EPÍLOGO Y CONCLUSIÓN DE ESTA PARTE DE NUESTROS ENCUENTROS

Vamos por el artículo del Credo por el que confesamos creer en Jesucristo que padeció bajo el poder de Poncio Pilatos, fue crucificado, muerto y sepultado. En lo de “sepultado” nos falta aún adentrarnos. Lo iremos considerando, si Dios quiere, en sucesivos encuentros.
Nos está resultando en estos encuentros que no sólo nos hemos adentrado en la muerte de Jesús sino también en nuestra muerte, en la muerte del hombre, no sólo refiriéndonos a la muerte del cuerpo; hemos de tener en cuenta que la antropología bíblica no separa el alma del cuerpo: el hombre es alma y el hombre es cuerpo.
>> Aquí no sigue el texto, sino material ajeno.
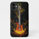 iPhone 11 case is shown in a artful guitar print on a black background.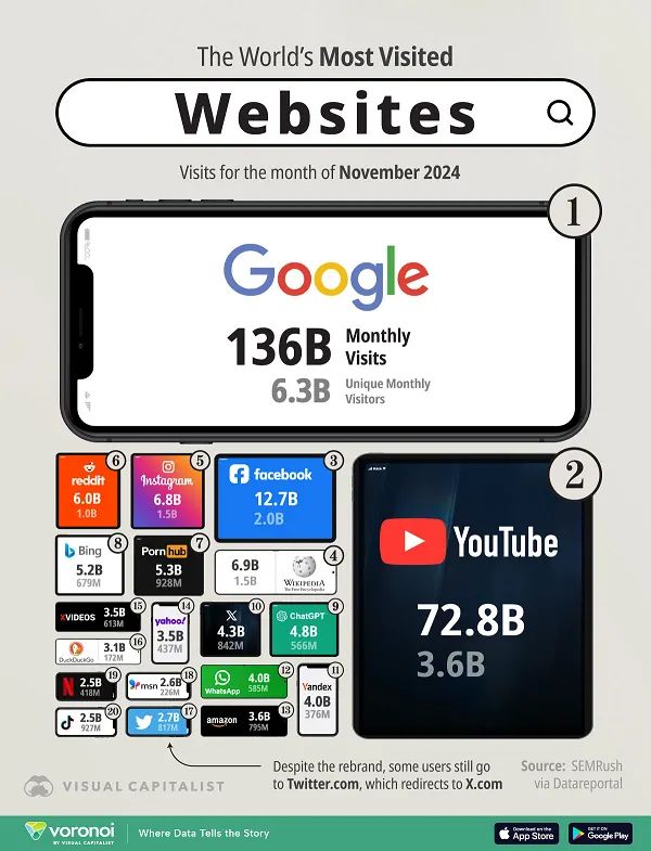 The below infographic from Visual Capitalist displays the most visited websites in the world as of November 2024, underlining some interesting web usage trends.

Y lo cierto es que la resurrección afecta al hombre entero. ¿Pero muere todo el hombre en la muerte? Hay que tener presente que, para la Biblia, el “alma” y el “cuerpo” no son dos partes o dos elementos separados que se juntan para construir al hombre; sino dos dimensiones del ser humano: el hombre es “alma” en cuanto que es libertad y capacidad de relación con Dios; es “cuerpo” en cuanto que es solidario de los demás y del mundo. En el pensamiento bíblico no existe un esquema dualista de alma y cuerpo. Por eso es preciso tener mucha prudencia al presentar la muerte como separación de alma y cuerpo; ese lenguaje, por lo demás bastante tradicional en la Iglesia, puede convertirse en un instrumento verbal indispensable para anunciar, en la predicación, la fe cristiana en la supervivencia del yo después de la muerte. Precisamente en cuanto “alma”, apertura a Dios Creador y Salvador, el hombre es inmortal, capaz de acoger el don de la vida divina. Pero esto no debe llevar a la conclusión de que la muerte sea un fenómeno puramente biológico que se refiera sólo al cuerpo, sin tocar para nada al alma. Todo el hombre, en las dimensiones del alma y del cuerpo, está manchado por el pecado; todo el hombre, alma y cuerpo, ha sido redimido por la muerte de Jesucristo.
La Biblia (Sagrada Escritura y Palabra de Dios) no quiere asustar con el pensamiento de la muerte ni inspirar un miedo saludable con sus relatos: tampoco quiere banalizar la muerte, despojándola de su terrible seriedad. Siguiendo la Palabra de Dios, se aprende sobre todo a no manipular la muerte, a mirarla y considerarla por lo que es. Sería un grave error comprender la fe bíblica como un ars moriendi, como un ejercicio sobre el modo de morir. El creyente no es un artista del morir: el ars moriendi es un juego fútil para afirmarse a sí mismo incluso en la muerte. El creyente acepta la vida de las manos de Dios, como don de su amor, y acepta el deber y poder morir con la misma confiada esperanza en Aquél que le concedió poder vivir. Y la medida de la fe no depende del miedo o no miedo de la muerte, porque en este caso el miedo no es vileza, sino horror de lo que es extraño a Dios mismo por ser negación de toda relación. Por eso toda la vida del creyente es un no a la muerte, una aceptación de la vida, a fin de vencer, con Cristo, incluso la muerte.